Она подвинулась. Мне нравились плавные изгибы ее тела, светлые волосы и нежная грудь.

— Мартин разбил статуэтку Будды.

Новость огорчила меня. Я ценил этот сувенир, и у меня вырвался вздох неудовольствия.

— Джим, мальчик очень расстроен. В конце концов, это всего лишь фарфор.

— Какого черта он трогал ее? Боже мой, эти дети!

— Оставь его в покое!

Она повернулась на спину. Ее профиль выделялся на фоне городского пейзажа, попавшего сюда, казалось, прямо из «Питера Пэна»: старинное окно, дымоходы на крышах. Старый дом замер в тишине. Луна, словно коготок, царапающий светлое небо. Это был Ричмонд, район Лондона, добрый георгианский Ричмонд с его массивными зданиями, сложенными на века из кирпичей ручной работы, с коваными железными фонарями. Все это походило на декорацию, но было всамделишным. Я любил эту страну, как любят приемную мать, но человек в чужой стране подобен человеку без памяти — он не уверен в себе, не знает, кто он есть на самом деле. Я, впрочем, находился не совсем в таком положении — американский архитектор, вот уже четырнадцать лет как женатый на англичанке. Но постепенно мы отдалялись друг от друга. Я не пытался приспособиться к характеру Эммы, к ее вкусам и привычкам, и она прекрасно знала это.

И вот сейчас, в супружеской постели, я могу лишь чертыхаться по поводу разбитой фарфоровой вещицы, купленной в этой чертовой Калькутте, где мы пять лет назад перестраивали аэропорт.

— Дорогая?

— Что?

— С детьми все в порядке?

— Да.

Я дотронулся до ее бедра и почувствовал, что она меня не хочет.

— Уже поздно.

— Всего час ночи, дорогуша.

— Господи, я совершенно разбита. Неужели ты не устал?

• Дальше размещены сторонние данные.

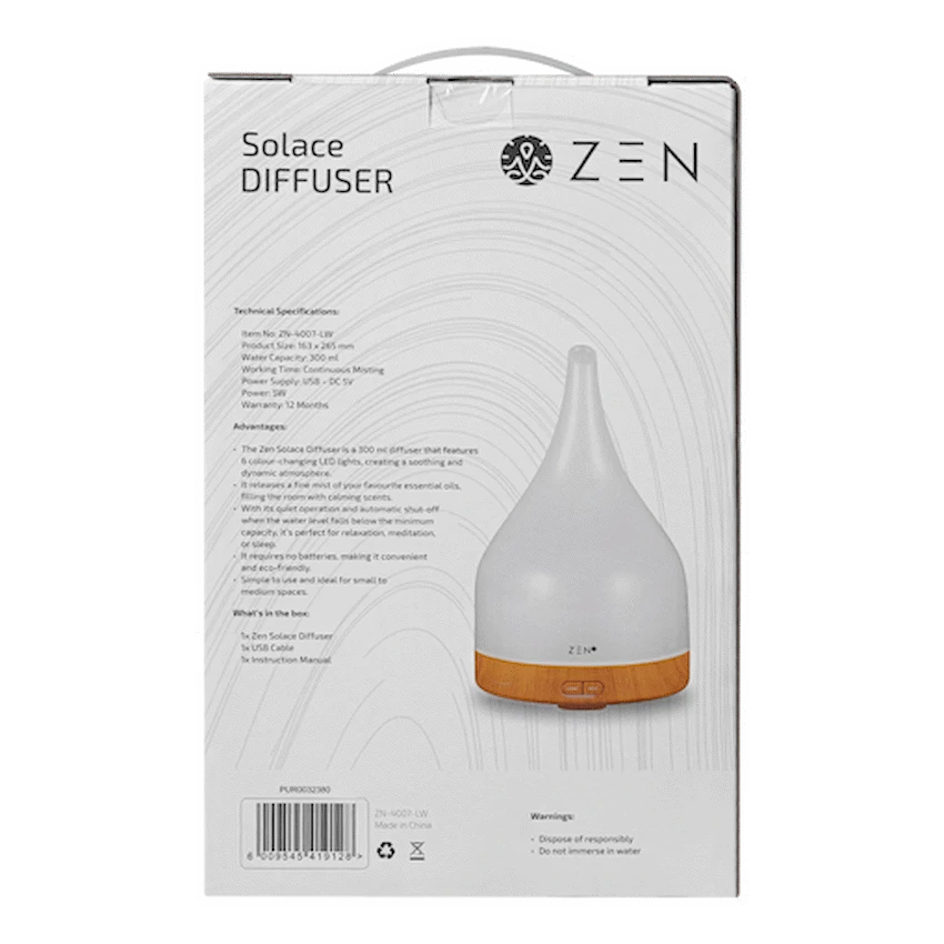 Experience the calming power of the Zen Diffuser, designed to promote relaxation and well-being. Compatible with all Zen Oils, it effortlessly transforms any room into a serene sanctuary.Promotes Relaxation and Stress ReliefCompatible with All Zen OilsSleek, Modern Design for Any Home or Office

— Есть немного. Работал как вол над этим проклятым бристольским проектом.

— Угу.

Ладно, где ей понять. Я подозревал, что ей и в голову не приходило, под каким прессом я нахожусь, каких трудностей мне стоит обеспечить семью. В семейной жизни есть одна маленькая проблема — это жены, которые считают, что их место где-то там, наверху, на пьедестале, а гоняться за деньгами — удел мужа. Но, может быть, я не совсем справедлив. Лежа рядом с ней, я явственно ощущал ее недовольство. Если бы она только понимала, как я из кожи вон лезу, чтобы порадовать ее, каким уязвимым я все еще оставался в своем стремлении быть понятым и принятым!

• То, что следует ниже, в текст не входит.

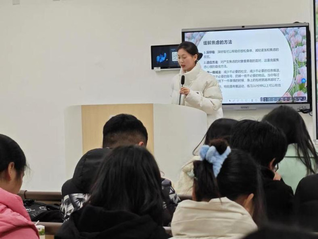 值得一提的是,有的班级以“正视压力,学会减压”为主题,通过吹气球的小游戏引出压力的概念,并从压力的形成、应对压力的方法三个方面详细阐述,鼓励同学们积极面对压力,选择微笑面对,从而化解压力。

Еще ребенком в Штатах я выучил, что в твою пользу засчитывается только то, что у тебя хорошо получается. Мама всегда это говорила. Она считала мою женитьбу на Эмме большой удачей. Жена-англичанка была для нее олицетворением классической истории, вековых традиций, уверенности и постоянства. Почему же она не могла понять, к чему стремлюсь я? Дом, семья, работа, успех — все это у нас было, и всего этого я достиг в чужой стране.

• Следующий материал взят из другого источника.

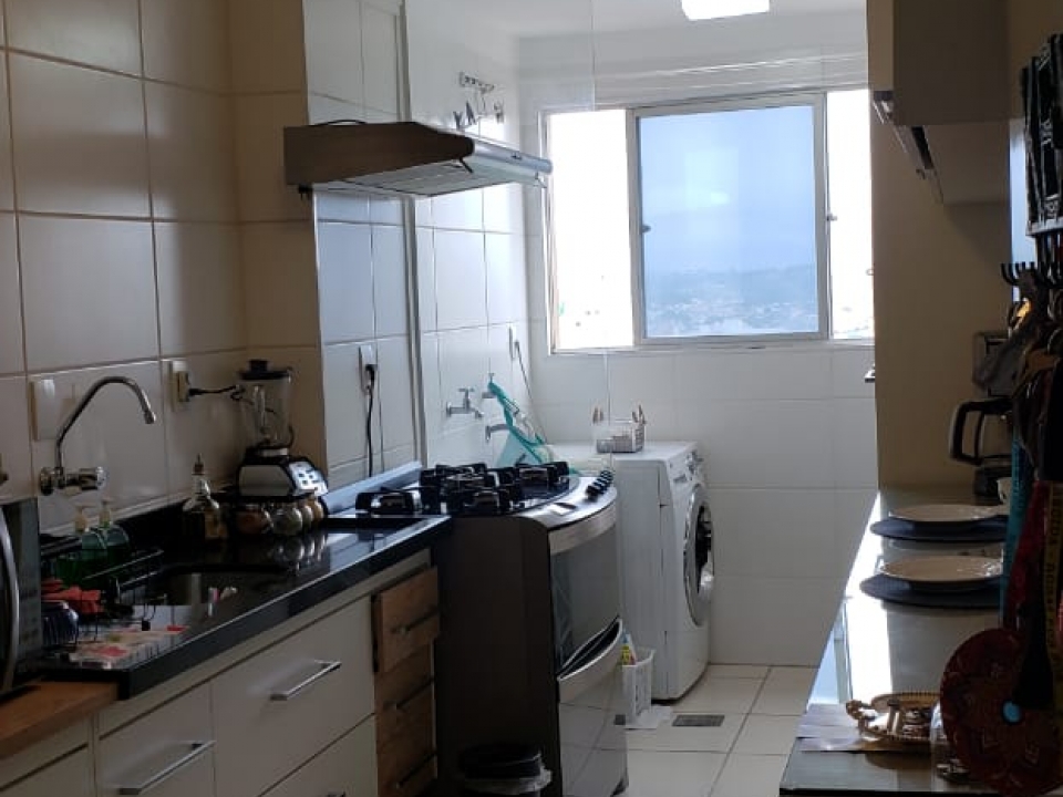 - 1 Cozinha ampla com armários, puxadores cromados, pia de granito preta, divisória da lavanderia em vidro temperado

Никакого удовольствия этой ночью не предвидится, и я хотел немного поспать. Я опять увижу во сне любимый пейзаж. Господи, смогу ли я когда-нибудь объясниться в любви к этим местам, этим людям, этим традициям, когда, казалось, время замирало в час ежевечернего чаепития. Именно ради Эммы я так глубоко пустил корни в фирме «Доркас-Фрилинг». Но с недавних пор мне стало казаться, что чем больше процветает мой бизнес, тем меньше мы понимаем друг друга, Эмма и я. Меня волновало, в чем, черт возьми, дело. У нас двое детей, она знала, что я люблю ее. Но чего-то не хватало. Я догадывался, что это что-то не было связано с сексом или даже просто с нашими личными отношениями. Наверное, мы оба очерствели, огрубели в своей повседневной борьбе за хлеб насущный, и нам нужна была какая-то эмоциональная встряска, которая могла бы вернуть нас к прежнему живому чувству.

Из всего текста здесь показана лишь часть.